Extracted records
|---|

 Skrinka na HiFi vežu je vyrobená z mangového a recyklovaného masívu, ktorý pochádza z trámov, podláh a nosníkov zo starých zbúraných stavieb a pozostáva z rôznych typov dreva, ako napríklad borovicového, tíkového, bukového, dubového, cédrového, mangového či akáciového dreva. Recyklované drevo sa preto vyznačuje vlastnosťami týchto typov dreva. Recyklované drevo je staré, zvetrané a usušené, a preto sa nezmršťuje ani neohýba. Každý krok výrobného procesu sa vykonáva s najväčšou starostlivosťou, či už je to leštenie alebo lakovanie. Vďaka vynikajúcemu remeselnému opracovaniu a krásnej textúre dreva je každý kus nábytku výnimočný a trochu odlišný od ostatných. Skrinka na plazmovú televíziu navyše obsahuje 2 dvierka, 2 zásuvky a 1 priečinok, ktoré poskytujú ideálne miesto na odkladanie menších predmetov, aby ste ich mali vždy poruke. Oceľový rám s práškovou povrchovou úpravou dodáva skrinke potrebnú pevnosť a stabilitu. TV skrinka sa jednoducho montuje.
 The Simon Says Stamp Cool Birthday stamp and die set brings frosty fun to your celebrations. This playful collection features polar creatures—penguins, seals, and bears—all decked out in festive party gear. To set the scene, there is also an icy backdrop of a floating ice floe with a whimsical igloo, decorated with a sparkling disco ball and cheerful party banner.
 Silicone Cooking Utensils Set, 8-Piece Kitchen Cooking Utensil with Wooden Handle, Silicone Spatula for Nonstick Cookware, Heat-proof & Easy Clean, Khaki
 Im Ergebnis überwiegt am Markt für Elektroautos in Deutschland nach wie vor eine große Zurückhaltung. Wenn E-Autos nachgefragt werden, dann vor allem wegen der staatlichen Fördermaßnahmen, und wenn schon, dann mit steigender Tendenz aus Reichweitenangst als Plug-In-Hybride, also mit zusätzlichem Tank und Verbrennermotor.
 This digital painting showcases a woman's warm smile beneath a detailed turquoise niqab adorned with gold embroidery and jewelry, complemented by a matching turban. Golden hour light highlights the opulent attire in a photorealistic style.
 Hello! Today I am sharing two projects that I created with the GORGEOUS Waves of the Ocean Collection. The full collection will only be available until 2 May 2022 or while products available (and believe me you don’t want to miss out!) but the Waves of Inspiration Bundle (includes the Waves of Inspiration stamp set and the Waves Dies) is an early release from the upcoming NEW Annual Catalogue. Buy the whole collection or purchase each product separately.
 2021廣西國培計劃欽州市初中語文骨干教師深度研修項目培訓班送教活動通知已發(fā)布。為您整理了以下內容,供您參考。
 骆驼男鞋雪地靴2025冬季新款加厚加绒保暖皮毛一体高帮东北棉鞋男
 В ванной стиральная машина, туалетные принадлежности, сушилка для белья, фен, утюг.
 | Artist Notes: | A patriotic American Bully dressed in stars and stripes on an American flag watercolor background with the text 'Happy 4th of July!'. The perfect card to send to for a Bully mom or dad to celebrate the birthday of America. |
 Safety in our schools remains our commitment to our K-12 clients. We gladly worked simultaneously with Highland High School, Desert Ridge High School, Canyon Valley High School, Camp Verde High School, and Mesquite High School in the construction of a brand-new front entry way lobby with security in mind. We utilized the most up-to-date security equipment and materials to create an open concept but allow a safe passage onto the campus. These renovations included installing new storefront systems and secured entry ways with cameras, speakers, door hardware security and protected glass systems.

|---|

- [Exercise instructions]: The lines above need to be restated word for word, all of them.

- [Solution]:
 Skrinka na HiFi vežu je vyrobená z mangového a recyklovaného masívu, ktorý pochádza z trámov, podláh a nosníkov zo starých zbúraných stavieb a pozostáva z rôznych typov dreva, ako napríklad borovicového, tíkového, bukového, dubového, cédrového, mangového či akáciového dreva. Recyklované drevo sa preto vyznačuje vlastnosťami týchto typov dreva. Recyklované drevo je staré, zvetrané a usušené, a preto sa nezmršťuje ani neohýba. Každý krok výrobného procesu sa vykonáva s najväčšou starostlivosťou, či už je to leštenie alebo lakovanie. Vďaka vynikajúcemu remeselnému opracovaniu a krásnej textúre dreva je každý kus nábytku výnimočný a trochu odlišný od ostatných. Skrinka na plazmovú televíziu navyše obsahuje 2 dvierka, 2 zásuvky a 1 priečinok, ktoré poskytujú ideálne miesto na odkladanie menších predmetov, aby ste ich mali vždy poruke. Oceľový rám s práškovou povrchovou úpravou dodáva skrinke potrebnú pevnosť a stabilitu. TV skrinka sa jednoducho montuje.
 The Simon Says Stamp Cool Birthday stamp and die set brings frosty fun to your celebrations. This playful collection features polar creatures—penguins, seals, and bears—all decked out in festive party gear. To set the scene, there is also an icy backdrop of a floating ice floe with a whimsical igloo, decorated with a sparkling disco ball and cheerful party banner.
 Silicone Cooking Utensils Set, 8-Piece Kitchen Cooking Utensil with Wooden Handle, Silicone Spatula for Nonstick Cookware, Heat-proof & Easy Clean, Khaki
 Im Ergebnis überwiegt am Markt für Elektroautos in Deutschland nach wie vor eine große Zurückhaltung. Wenn E-Autos nachgefragt werden, dann vor allem wegen der staatlichen Fördermaßnahmen, und wenn schon, dann mit steigender Tendenz aus Reichweitenangst als Plug-In-Hybride, also mit zusätzlichem Tank und Verbrennermotor.
 This digital painting showcases a woman's warm smile beneath a detailed turquoise niqab adorned with gold embroidery and jewelry, complemented by a matching turban. Golden hour light highlights the opulent attire in a photorealistic style.
 Hello! Today I am sharing two projects that I created with the GORGEOUS Waves of the Ocean Collection. The full collection will only be available until 2 May 2022 or while products available (and believe me you don’t want to miss out!) but the Waves of Inspiration Bundle (includes the Waves of Inspiration stamp set and the Waves Dies) is an early release from the upcoming NEW Annual Catalogue. Buy the whole collection or purchase each product separately.
 2021廣西國培計劃欽州市初中語文骨干教師深度研修項目培訓班送教活動通知已發(fā)布。為您整理了以下內容,供您參考。
 骆驼男鞋雪地靴2025冬季新款加厚加绒保暖皮毛一体高帮东北棉鞋男
 В ванной стиральная машина, туалетные принадлежности, сушилка для белья, фен, утюг.
 | Artist Notes: | A patriotic American Bully dressed in stars and stripes on an American flag watercolor background with the text 'Happy 4th of July!'. The perfect card to send to for a Bully mom or dad to celebrate the birthday of America. |
 Safety in our schools remains our commitment to our K-12 clients. We gladly worked simultaneously with Highland High School, Desert Ridge High School, Canyon Valley High School, Camp Verde High School, and Mesquite High School in the construction of a brand-new front entry way lobby with security in mind. We utilized the most up-to-date security equipment and materials to create an open concept but allow a safe passage onto the campus. These renovations included installing new storefront systems and secured entry ways with cameras, speakers, door hardware security and protected glass systems.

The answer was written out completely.